In our tech-savvy world, the demand for wearable electronic devices is increasing. Wearable devices have many applications, including portable power generation, advanced physiological and performance monitoring, and new types of touch/user interfaces, to name just a few. However, current fabrics are often unconventional, including device-mounted woven plastics or active-layer-covered fibers coated in polymer. These fabrics can have unfavorable aesthetics, discomfort, and limited pliability.
In Advanced Functional Materials, researchers from the University of Massachusetts Amherst and University of Wisconsin–Madison have demonstrated a vapor-coating technique to generate conducting-polymer-coated silk-, linen-, and bast-fiber fabrics (see figure, right) that can be used as circuit components in smart textiles and skin-mountable devices.

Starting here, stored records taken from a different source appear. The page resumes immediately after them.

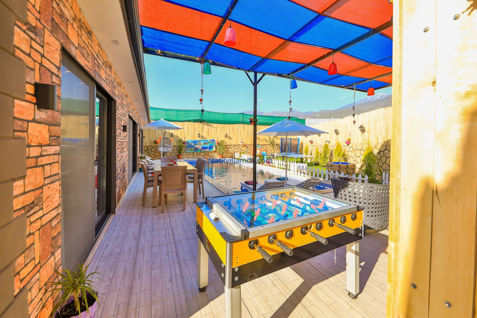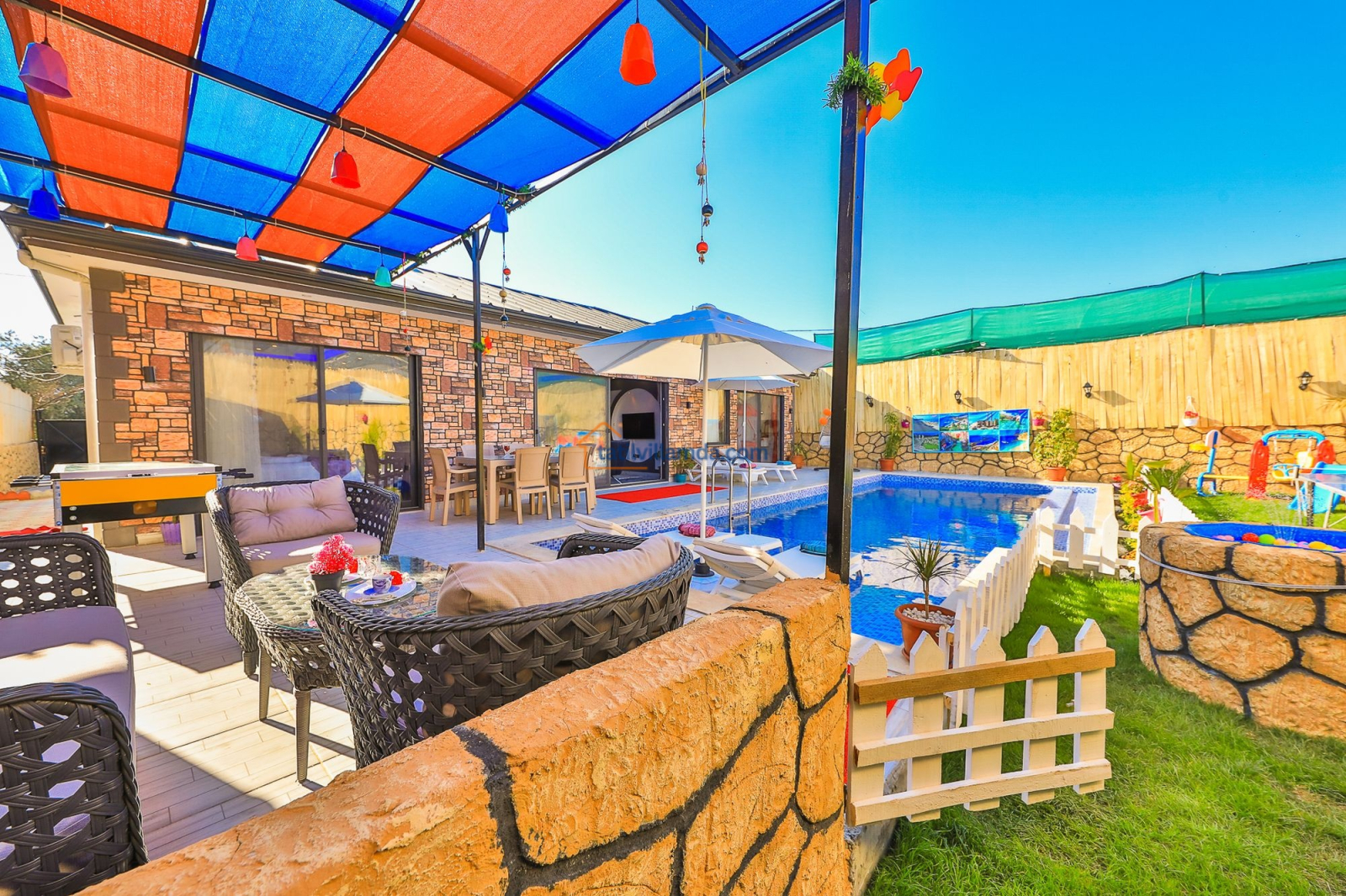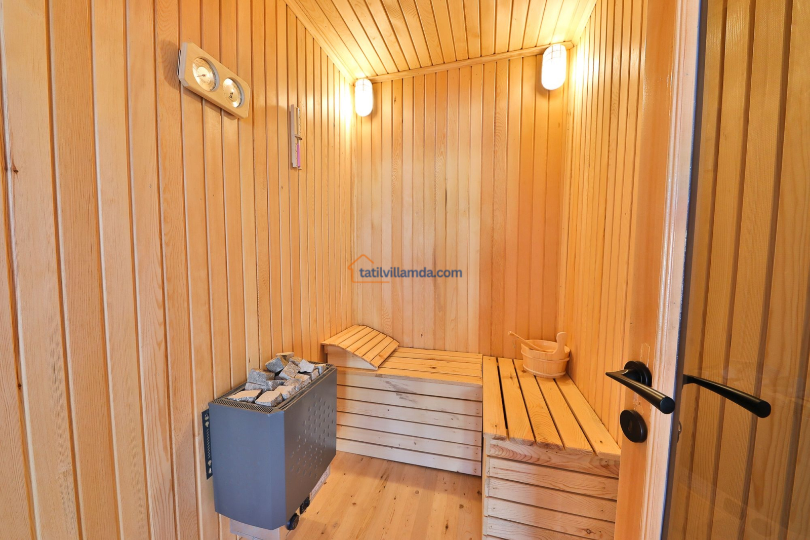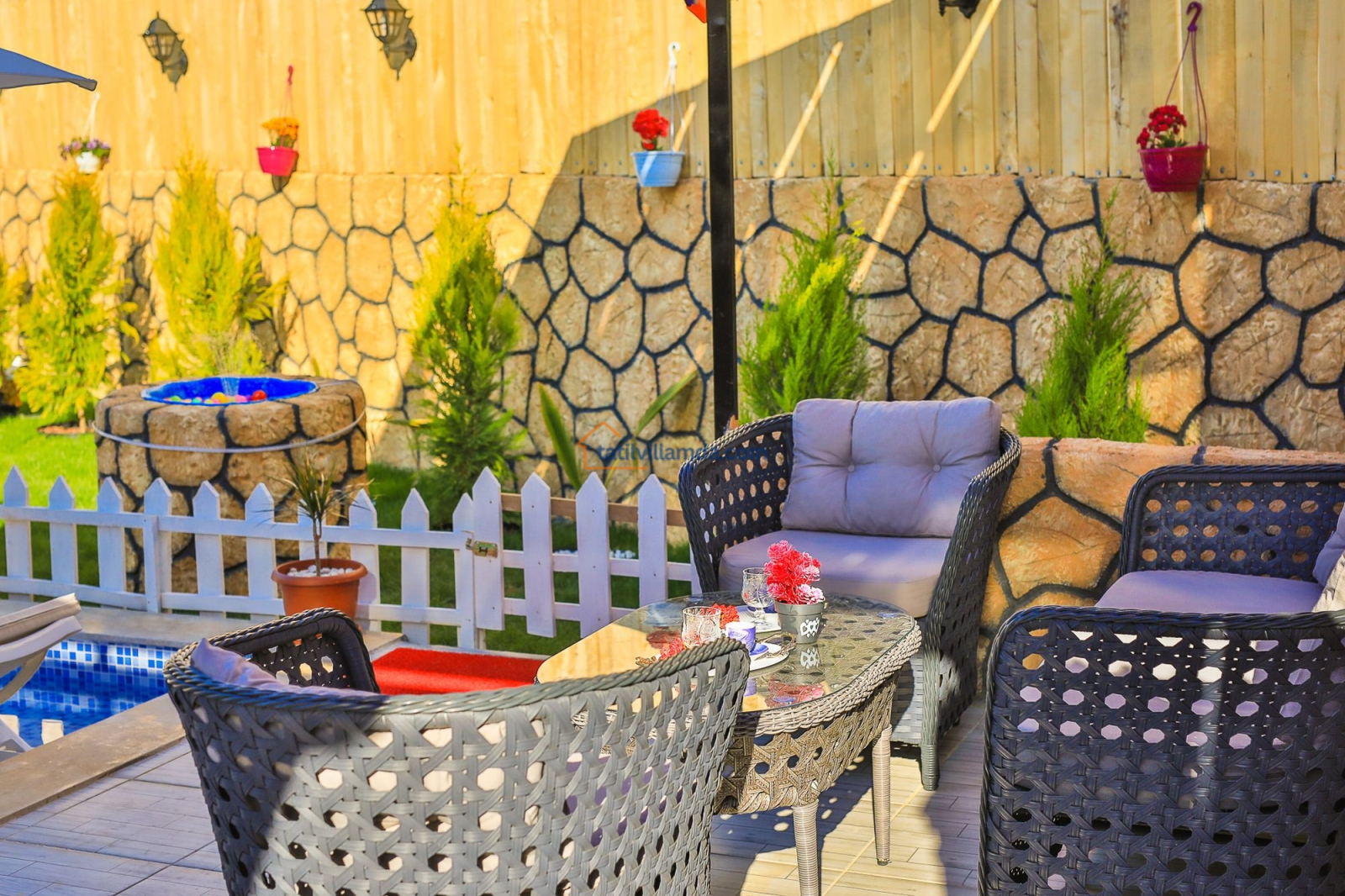 Dış alanı ise tatilin en huzurlu anlarını yaşamanız için tasarlanmıştır. Geniş havuz terasında şezlonglar, şemsiye, salıncak ve masa takımı yer alırken, günün her saatinde keyifli vakit geçirmenize olanak tanır. Bahçe kısmında ise bahçe oturma grubu, langırt, masa tenisi, trambolin ve çocuk oyun alanı gibi her yaşa hitap eden aktiviteler bulunmaktadır. Ayrıca geniş verandası, akşam serinliğinde sevdiklerinizle hoş sohbetler edebileceğiniz özel bir alan sunar.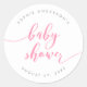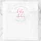 pegatina de Baby Shower con las palabras "Baby Shower" en un guión cursivo relajante en rosa contra fondo blanco. Personalízalo reemplazando el texto del marcador de posición. Para obtener más opciones como cambiar el tipo de letra y su tamaño/color, expanda la curva /contract o el espaciado entre letras haga clic en el botón "Personalizar". *Tenga en cuenta que la marca de agua Zazzle que aparece en la vista previa del zoom NO aparecerá en el producto impreso final. © Rosewood y Citrus
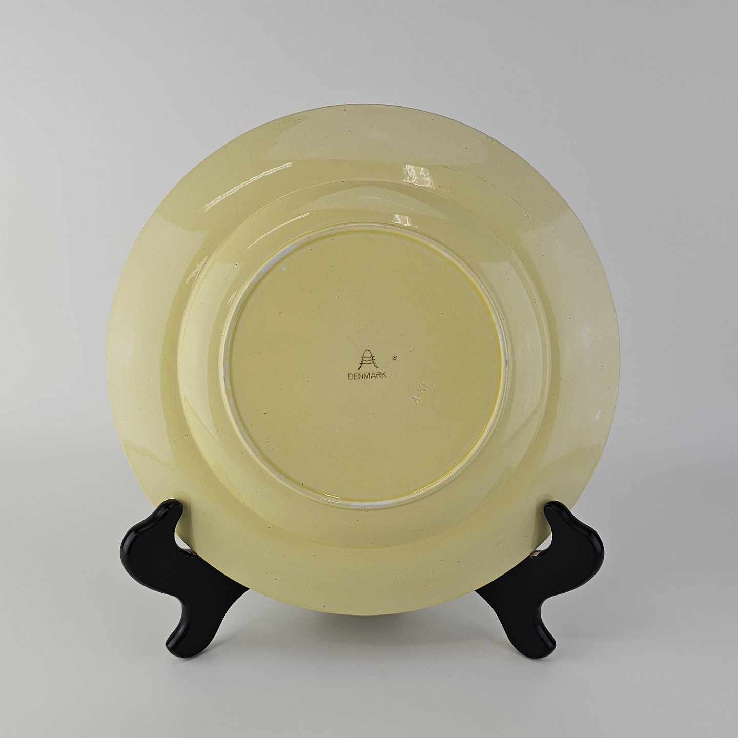 Beskrivelse: Flad tallerken i fajance fra stellet Gertrud fremstillet i perioden 1933-1939.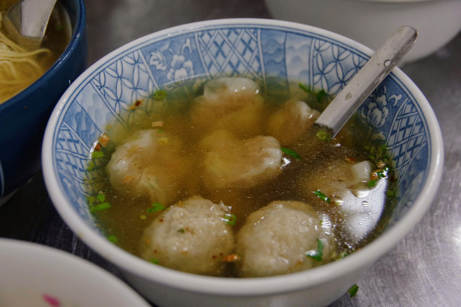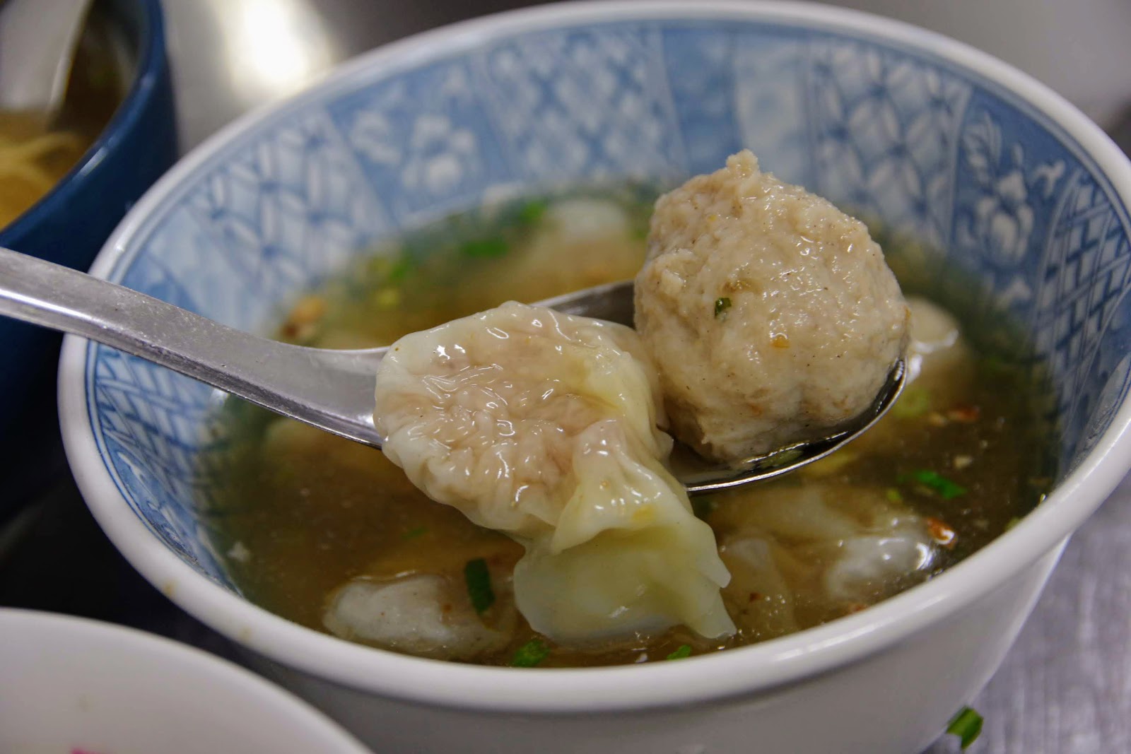 餛飩跟魚丸是個人認定的賣點,宜蘭的餛飩相當特別,剛起鍋時麵皮頗有口感,跟肉餡取得漂亮的平衡,且讓湯汁吸收在間隙裡,實在格外地好吃,然而這特性卻會在五分鐘後變了調,麵皮軟得特別快,甚至湯匙一撈就皮肉脫離,不說還以為在玩撈金魚呢,因此建議在5分鐘內就把餡料吃完,或是趕緊把他撈出來避免泡著才好。而魚丸在製作時就混入了油蔥跟蔥花,且白胡椒的氣味也下得有感,因此除了口感較結實以外還多了香氣的層次感,不妨叫個餛飩丸湯試試吧。
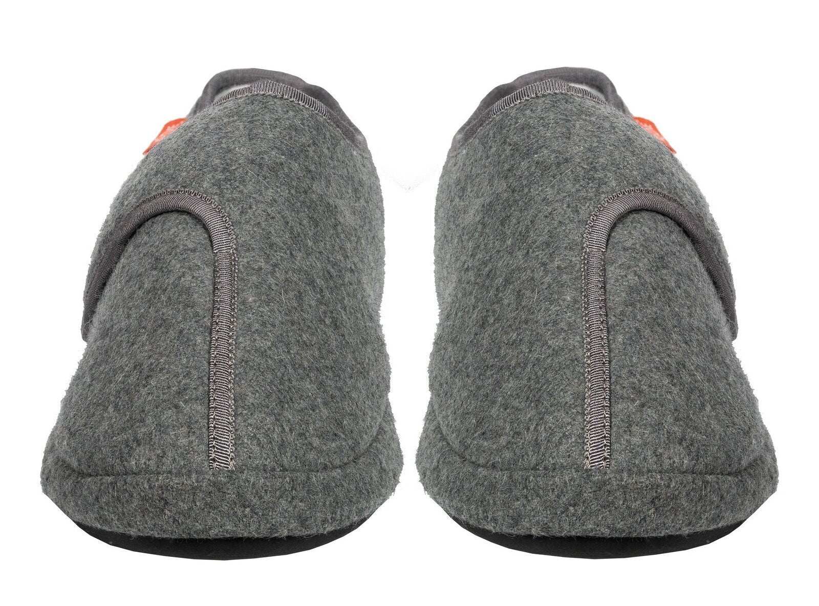 The Plus Slippers have an adjustable Velcro closure at the front of the shoe. Ideal for narrow and wide feet or flexibility challenged wearers.
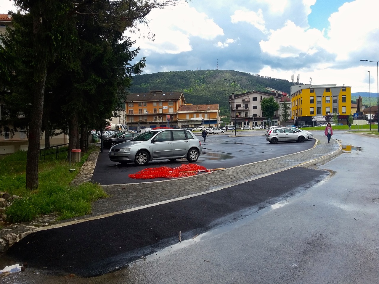 Una strada costruita appena un paio d'anni fa, che per mesi - e fino all'ultimo risolutivo intervento di Gran Sasso Acqua - alle prime gocce di pioggia si è allagata come una piscina olimpionica. Un progetto (oggi di fatto stravolto) privo di un consistente numero di parcheggi, che ha costretto alla realizzazione dei box a raso "provvisori" disegnati stamane, con la conseguente riduzione di una delle carreggiate a una sola corsia.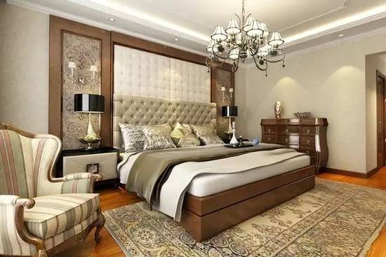 歐式臥室給人奢華的感覺,深褐色的被褥比較耐臟。床頭背景墻獨(dú)特的設(shè)計(jì),就給人一種時(shí)尚的感覺。二者的搭配更顯臥室的奢華魅力。
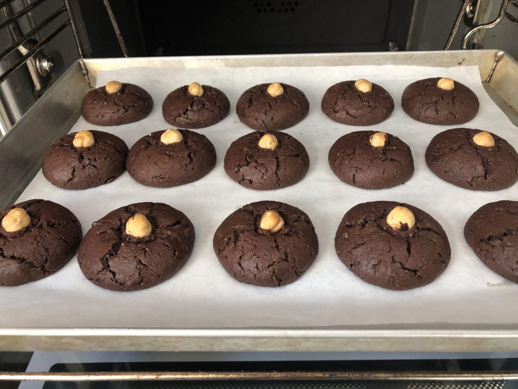 Die Kakao- und Haselnusskekse im vorgeheizten Backofen bei 180° für 15 Minuten backen.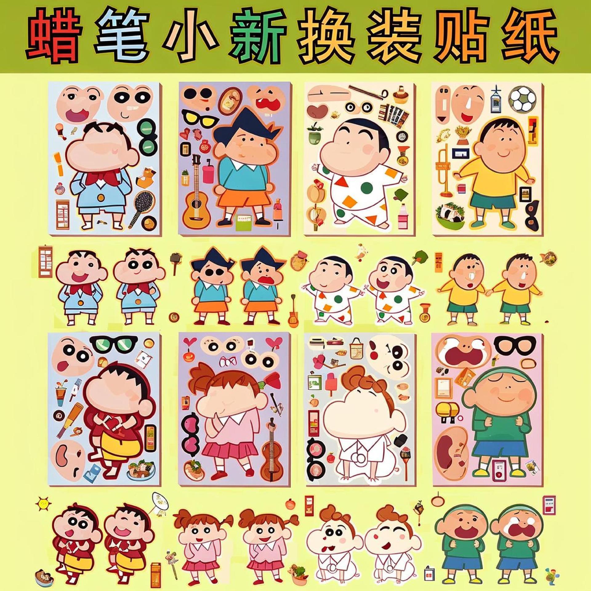 蠟筆小新換裝爆款貼紙DIY卡通變裝組合兒童女益智手工創意玩具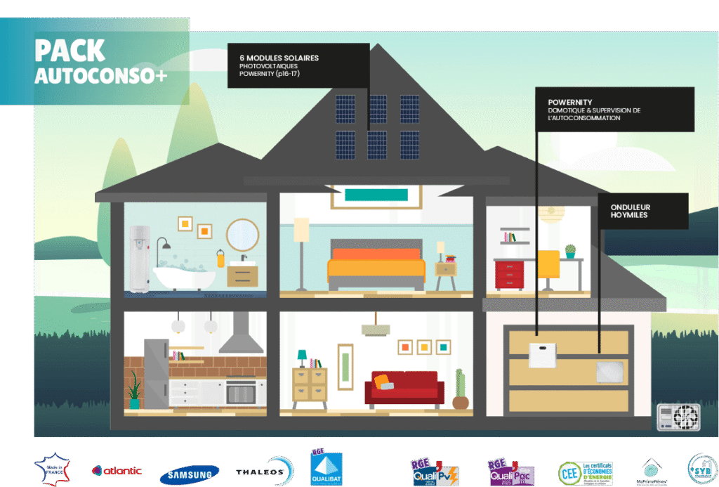 Ce pack met l’accent sur le solaire photovoltaïque et la gestion intelligente de l’énergie pour réduire votre dépendance au réseau et alléger vos factures.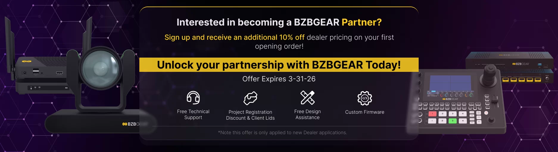 Join the BZBGEAR network as an authorized partner and unlock a world of opportunities to elevate your organization's growth and profitability. As a BZBGEAR dealer, you'll enjoy a host of exclusive benefits, including: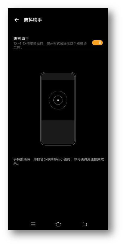 拍影片時微雲台技術也可以很有效的減少晃感,強烈建議可以在設定中開啟防守助手,畫面中會出現同心圓與小白球,在拍攝過程中盡可能讓小白球維持在圈圈的內圈中,就是可以得到最佳拍攝效果的狀態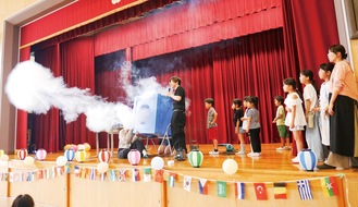 地域の子どもたちに楽しい思い出を作ってもらいたいと、毎年テーマを変えて実施されている同大会。今年は「楽しく遊んで学べちゃう!」をテーマに、東海大学サイエンスコミュニケーターによる科学実験ショー=写真=をはじめ、茶道や絵手紙、七夕飾り作り体験などが行われた。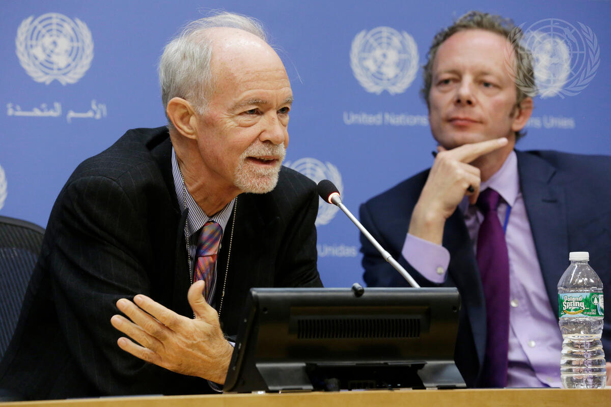 David M. Malone (left), Rector of the United Nations University (UNU), briefs journalists on a new volume entitled “The UN Security Council in the 21st Century”. He was joined in the briefing by Sebastian von Einsiedel (right), Director of the UNU Centre for Policy Research (UNU-CPR).

This vapor-coating process results in fabrics with deformation- and heat-stable conductivities (e.g., resistant to body heat or ironing); resistivities (see figure, left) that are linearly dependent on length, allowing for feasible incorporation into clothing; and adjustable electrical characteristics, controlled by altering fabric parameters post-synthesis by, for example, varying weave density or thread composition. In addition, and perhaps most important to the mass consumer market, they are outstandingly “wearable”, with the natural weight, feel, breathability, and mechanical/tensile properties of the uncoated fabric.